Analysis by the TUC has found that workers in Exeter will be among the worst affected in England when the £20 per week universal credit top-up ends on October 6.
The uplift, worth just over £1000 per year, was introduced as a temporary measure in March 2020 to help claimants cope with the financial disruption caused by the pandemic.
According to analysis published by the TUC, 42.1% of universal credit claimants in the South West were in work in May 2021, but earning low incomes which qualify them for the benefit.
In Exeter the figure was higher still, at 43.4%.
The analysis has highlighted the culture of low pay in the region. Even before the pandemic, the area with the lowest average wages in the UK was North Devon.
The South West is heavily reliant on retail, hospitality and tourism for employment, sectors in which employees often have low-paid, insecure jobs which were significantly affected by the pandemic.
Emma Congreve of the University of Strathclyde’s Fraser of Allander Institute said the TUC’s findings revealed “a long-standing issue of low pay in sectors that have been particularly affected, meaning they are more likely to tip over the threshold into being able to claim universal credit.
“The pandemic has exposed a number of underlying inequalities in the labour market.”
Katie Schmuecker of Joseph Rowntree Foundation called the end of the uplift “the biggest overnight cut to the basic rate of social security since the Second World War”.
There have been renewed calls to make the £20 uplift permanent as its abolition approaches.

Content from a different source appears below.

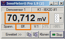 Sie sehen im linken VM-METER den eingestellten Betragsspitzen-Wert von 100mV und im rechten VM-METER den berechneten Effektivwert. Dieser wird mit 70,712 mV angegeben. Das ist der gerundete Wert von 100 mV geteilt durch die Wurzel der Zahl 2.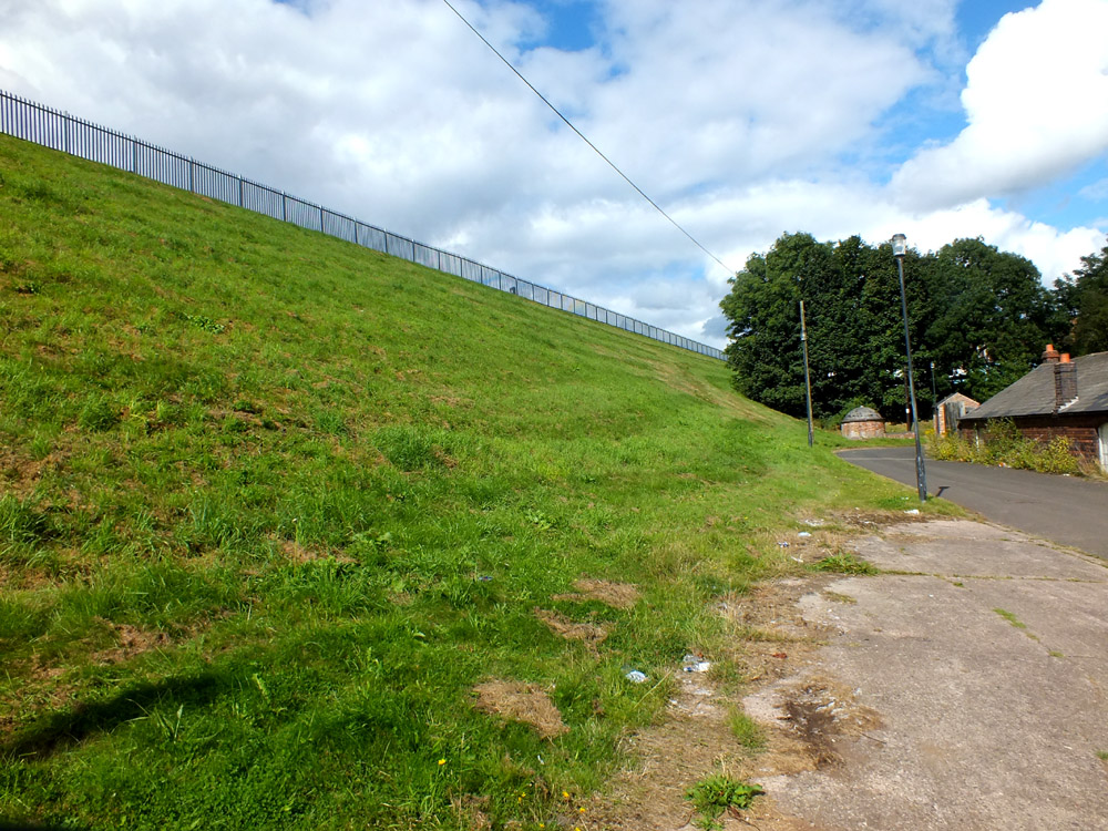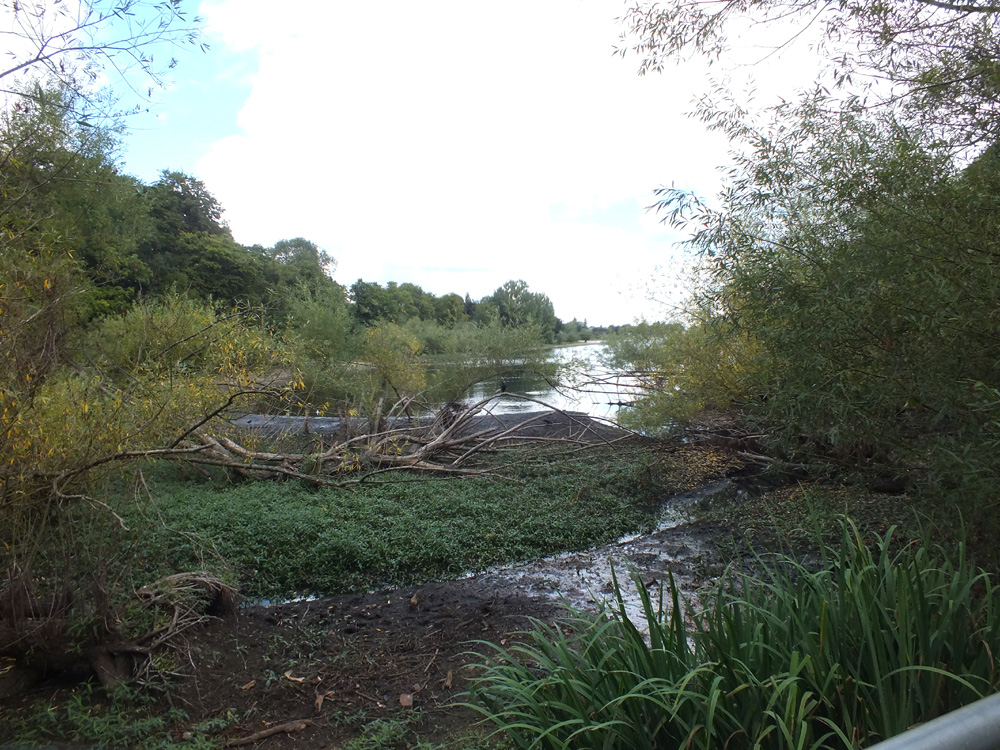 Here is the modest looking escape overflow in September 2013; is it about 6 or 7 metres across. In the event of sufficient rain, the reservoir would fill right up – and the water would escape through this vent.

Analysis by Joseph Rowntree Foundation shows more than a third of working-age families in 413 parliamentary constituencies would be hit by the cut, 191 of which are represented by Conservatives.
Conservative MPs Peter Aldous and John Stevenson wrote to Boris Johnson last month, describing universal credit as “a system that can better protect families when they face hardship” and asking him to reconsider the cut.
In response, the Prime Minister said that the government’s preference would be for a “jobs-led recovery”, echoing Work and Pensions Minister Therese Coffey’s comments to MPs in July that the focus of support should be “strongly [on] getting people into work and jobs”.
Last week one hundred organisations, including charities, public health experts, paediatricians and Bright Blue, a Conservative thinktank, signed a letter calling on Boris Johnson to abandon the planned cut, saying the reduction would push half a million people, of which 200,000 are children, into poverty.
This week footballer Marcus Rashford, who led a successful campaign last year against government plans to cut free school meals during the summer holidays, and who has previously challenged the chancellor on the universal credit cut, urged the government to end threats to social security payments and instead end what he called a pandemic of child hunger.
Yesterday work and pensions minister Baroness Stedman-Scott told the House of Lords that her department had not carried out a formal assessment of the impact of cutting the universal credit uplift, which has been in place for 19 months, as it was “introduced as a temporary measure” and “we have no obligation to conduct an impact assessment as we’re returning to business as usual”.
2.3 million workers in the UK are currently receiving universal credit, while 38% of all universal credit claimants are in work.